We see that the average gross of a movie is $78,500,541 while the median gross is significantly lower at $20,205,757. The smallest movie gross was $309 while the largest was $2,847,246,203.
We can construct an estimation of the profit as the movie’s gross minus its budget. However since gross tracks the US domestic gross rather than the global, this is more of an estimation than an exact number. We see that the average profit of a movie is $67,065,821 while the median gross is significantly lower at $13,766,118. The biggest movie loss was $158,031,147 while the largest gain was $2,610,246,203
mean(movies$runtime, na.rm =TRUE)
[1] 107.2616
quantile(movies$runtime, na.rm =TRUE)
0% 25% 50% 75% 100%
55 95 104 116 366
sd(movies$runtime, na.rm =TRUE)
[1] 18.58125
The average length of a movie was 107.2616 minutes, while the median was lower at 104 minutes. The shortest movie was 55 minutes, and the longest was 366.

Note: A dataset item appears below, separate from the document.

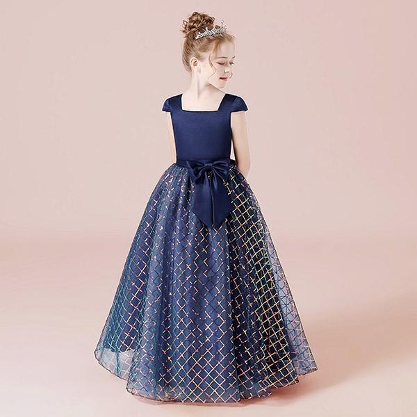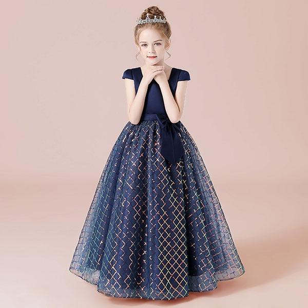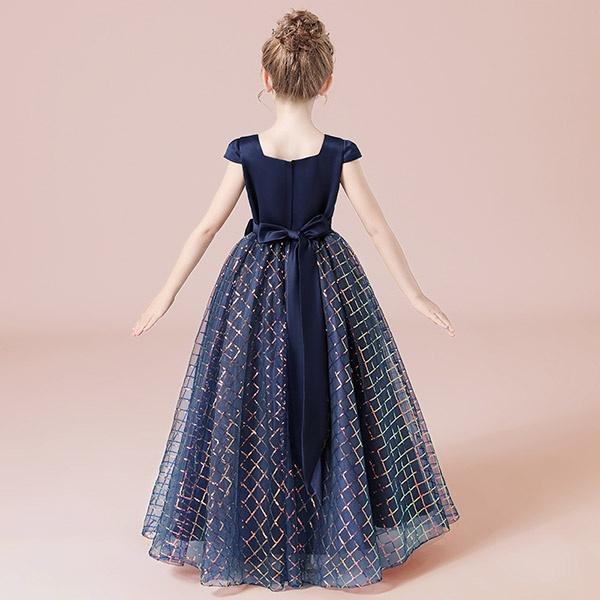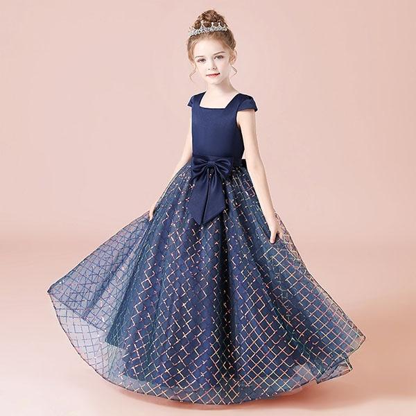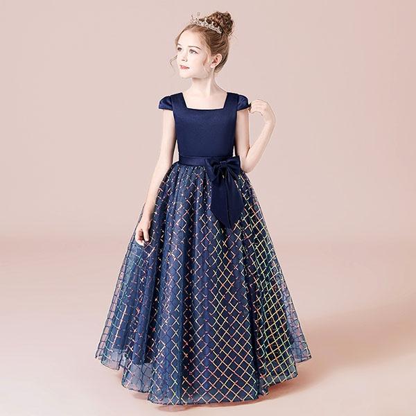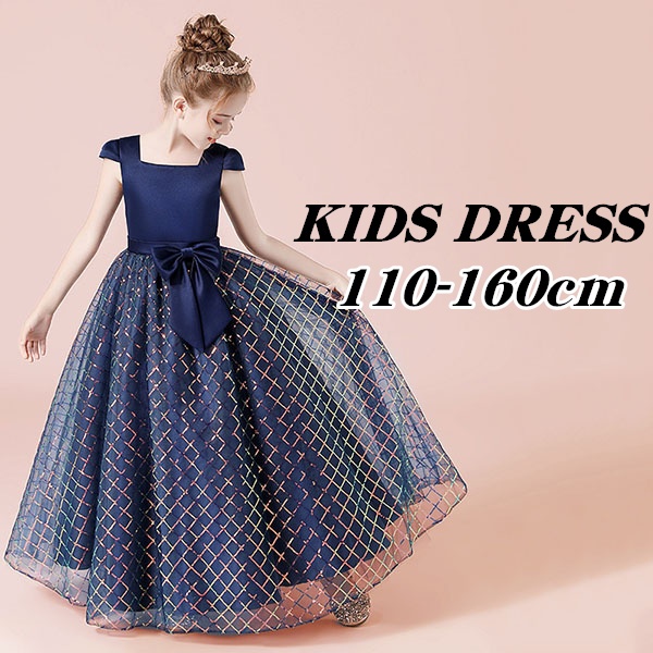 キッズドレス 子供ドレス 160 ピアノ 発表会 子供 ドレス フラワーガール ラウンドネック ロングドレス ちょこっと袖 プリンセスドレス 子どもドレス 袖あり 結婚式 ドレス コンクール フォーマル 七五三 可愛い イベント リボン 上品 お姫様 入園式 パーティー イベント 演劇 学芸会 ネイビー da872s1s1s3

Potential Research Questions
One potentially interesting research question would be to see how the profit of movies has changed over time. For instance, services like Netflix might be making seeing a movie less appealing to viewers, so the total box office returns of movies may be going down with time.
We could also try to see how well the rating of a movie correlates to various factors. For instance, do movies with bigger budgets generally have higher ratings? How about movies with bigger gross’s? How have the ratings of the top 200 movies changed over time? Are longer movies generally better than shorter movies?
Lastly, we could see how much of a factor “name recognition” plays in the success of a movie. For instance, we could take the top 10 most common directors (or writers or stars) and see how well their movies were rated compared to the rest.